In formula, z is the vector of size for M × 1, ξ _kfor the element of vectorial z, k=1,2 ..., M.

Described l ₂the computing formula of norm is

{| | z | |}_{1} = \sqrt{Σ_{k = 1}^{M} {| ξ_{k} |}^{2}}

Described reconstructed error e _icomputing formula be

e_{i} = {| | β - D_{i} {\hat{α}}_{i} | |}_{2}^{2} + γ {| | \hat{α} - m_{i} | |}_{2}^{2}

In formula, γ is predefined weights, and the span of γ is 0 ~ 1, m _ito Y _iin the element of the every a line mean vector obtaining of averaging; Y _ifor U _ithe optimum code coefficient obtaining through dictionary D sparse coding.

The described anglec of rotation span is 0 ° to 90 °.

Described FDDL software package parameter lambda ₁scope be 0.001 ~ 0.01, λ ₂scope be 0.01 ~ 0.1.

The span of described S is the integer between 40 ~ 90, and the span of b is the integer between 1 ~ 15.

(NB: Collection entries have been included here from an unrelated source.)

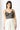 Pair with silver or black minimalist hoop earrings or stud earrings. Opt for black or metallic heeled sandals to add height. A sleek, low bun or straight, open hair will complement the top. Keep makeup focused on a defined eye and a nude lip. Avoid necklaces to keep the neckline clean.
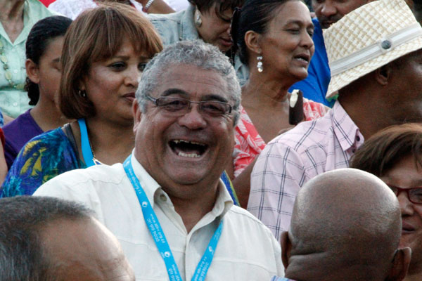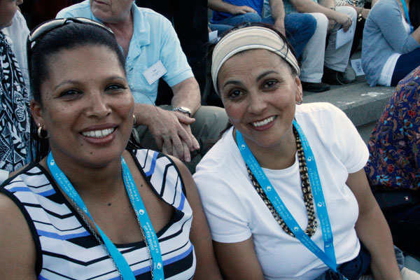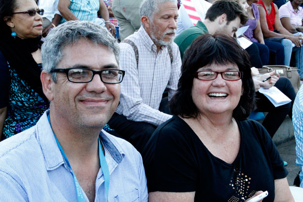 Die premier van die Wes-Kaap, Helen Zille, bespreek die danspassies met Japie Gous van die ATKV.
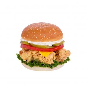 3 تکه فیله مرغ سوخاری، پنیر موزارلا، خیارشور، گوجه، کاهو، سس مخصوص، نان باگت
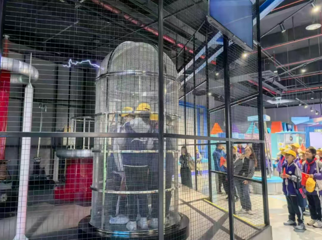 最令人兴奋的莫过于法拉第笼体验项目,当高压电弧在笼外滋滋作响时,笼内的同学们却安然无恙,在惊险与好奇中直观弄懂了静电屏蔽的科学原理。
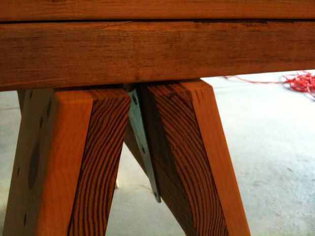 Hay 8 juntas total en este par de caballetes, la manera de unirse a ellos es lo mismo. Seco forma una viga y dos piernas juntas las piezas (una en cada lado) sobre una superficie plana. Pongo un par de corte de piezas de la viga bajo las piezas de la pierna en el otro extremo como espaciadores para la Asamblea se sienta plana. Mis rayos son 1" de espesor y las patas son de 3/4" densamente, decidí poner tornillos a través de la pata sobre la viga así puedo tener más material de la mordedura.
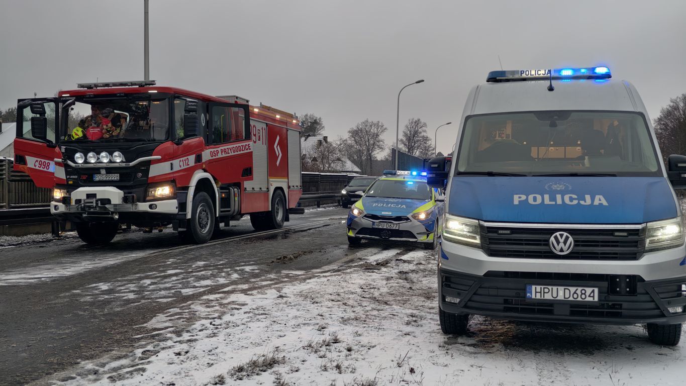 Na miejscu pracują służby ratunkowe oraz policja, która wyjaśnia dokładne okoliczności zdarzenia. Droga krajowa nr 11/25 w rejonie ronda Strugi pozostaje zablokowana, a kierowcy muszą liczyć się z utrudnieniami i wybierać trasy objazdowe.
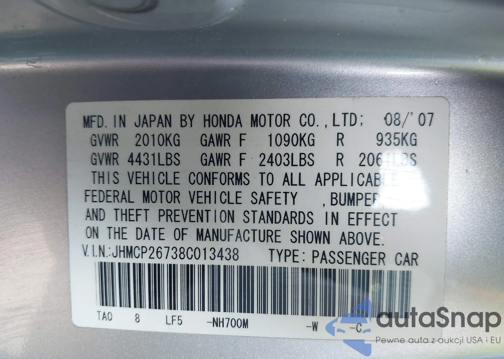 LOT: 42207378 VIN: JHMCP26738C013438
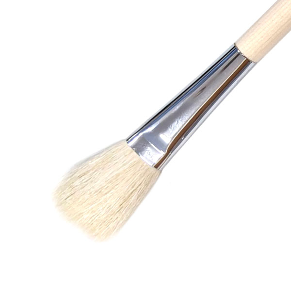 山羊毛・・・・・水含み、毛のまとまりが良く、毛の消耗度が低い。復元性に特徴があり、腰の強いものと軟らかいものがある。ダミ筆や刷毛の材料として使われることが多い。
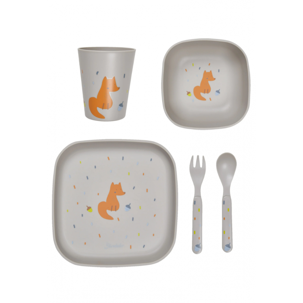 Izrađeno od izdržljivog polipropilena, sigurno za hranu i bez BPA. Set se sastoji od 5 dijelova: tanjur, zdjela, šalica, žlica, vilica.
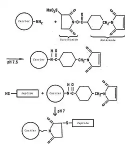 Il existe plusieurs techniques de couplage peptides/haptènes-transporteur:
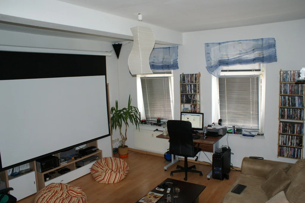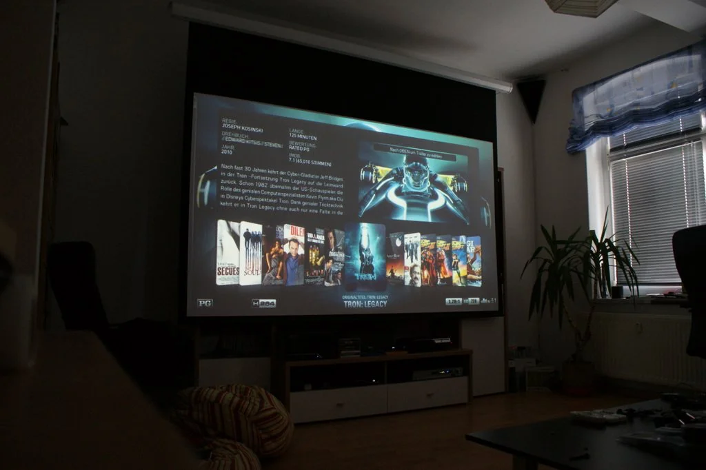 Then he stuck a fully motorized 110 inch 16:9 screen on his wall.
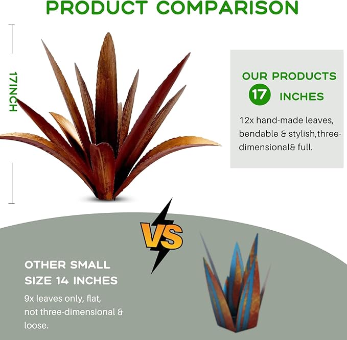 • 【Eternal metal agave】This is a rust-style metallic agave, made from metal and painted with blue high lights in contrast with its rusty steel style finish creates a very unique juxtaposition in the spring you will find a variety of beautiful and lush foliage unique to the Golden State.
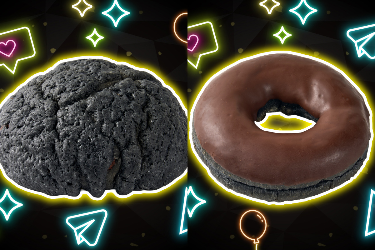 「黒」をテーマにした食べ物で登場するのは「ブラックメロンパン」「ほおばりんぐドーナツ ブラック」「お店で焼いたブラッククッキー」など6種類。
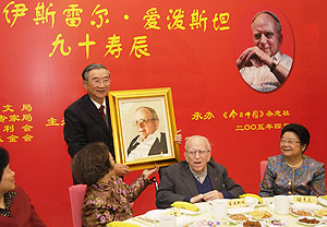 More than 180 luminaries from around the world gathered to celebrate his 90th birthday. They included Gu Xiulian, vice chairwoman of the Standing Committee of the National People's Congress, Hao Jianxiu, vice chairwoman of the CPPCC National Committee, and Zhao Qizheng, minister of the State Council Information Office.
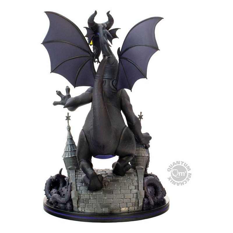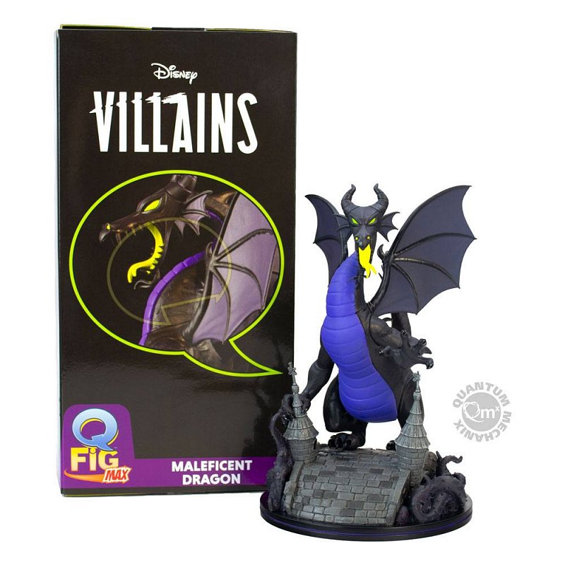 Inspired by the classic Disney animated film Sleeping Beauty, The Maleficent Dragon Q-Fig Max Elite presents Maleficent in her terrifying dragon form as she engages in battle with Prince Phillip. Maleficent\'s stunning black and purple scales juxtapose perfectly against her glowing yellow eyes and her forked tongue as she prepares to unleash flaming fury. Maleficent\'s Dragon form is massive, From her intricately sculpted horns to her colossal wingspan, Maleficent is simply the ultimate collectible for any Disney fan.

The span of described threshold tau is 0 ~ 1.

Beneficial effect

The method of a kind of remote sensing images multi-class targets detection and Identification based on rarefaction representation dictionary learning that the present invention proposes, first use pretreated training data to train redundant dictionary, then the dictionary that uses training to obtain to the subimage block in test pattern carries out sparse coding, obtain its rarefaction representation coefficient, and then obtain the reconstructed error of subimage block by rarefaction representation coefficient, and it is carried out to thresholding processing, determine candidate target region; Realize the accurate detection and Identification to remote sensing images multi-class targets finally by crossing some post-processed.

The present invention automatically detects and identifies the target of plurality of classes in the remote sensing images from complex background.Facts have proved, the method has higher detection and accuracy of identification and lower false alarm rate.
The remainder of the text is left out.